For Indianapolis natives, few things can match spending a day at the Indianapolis 500 track—the Indianapolis Motor Speedway. Many of us here at Slingshot SEO grew up watching the race. We can recite the names of numerous winners and recall the years when it went down to the final turn.

So how does racing relate to marketing?

Well, a Slingshot group recently spent a day at the track and observed some of racing’s most deserving brands. Our founders got a up-close look at the pits and reflected on the race’s 100 years of history.

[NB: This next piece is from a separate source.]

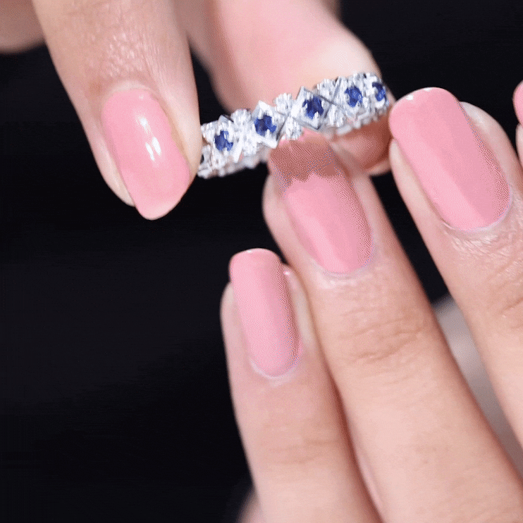Created Blue Sapphire and Diamond Full Eternity Band Ring

In the midst of all the excitement and adrenaline we found five Indy-500 principles that are guaranteed to move the needle on your marketing:

Creatively explore and innovate.

Race teams test themselves and each other to constantly evolve. As in marketing, there is no rest, no leveling off, no “established experts in the field” – there is only how hard we push today and how well we anticipate tomorrow’s twists and turns.

As internet marketers, we’re dedicated to continually exploring new ground, staying in front of the pack, and producing such impressive results that—at times—we look like magicians to outsiders. Like the best marketers you know, a winning race team works hard, stays late, and has absolutely no time for negativity or passivity.

Measure twice, cut once.

At the Indianapolis Motor Speedway, our team had the opportunity to meet some of the most underrated members of the race teams—the DAGs (Data Acquisition Geeks). These number crunchers monitor real-time data streamed from the racecars and download enormous amounts of information.

DAGs are the unsung heroes of their teams. Few outside of the racing teams know anything about them, yet their ability to monitor data is crucial to their teams’ success.

You’re not going to win if your racecar runs out of fuel on the last lap. Do you have a DAG on your marketing team? Are you going out of your way to enable them?

Use the 20% that gets you 80% of the results.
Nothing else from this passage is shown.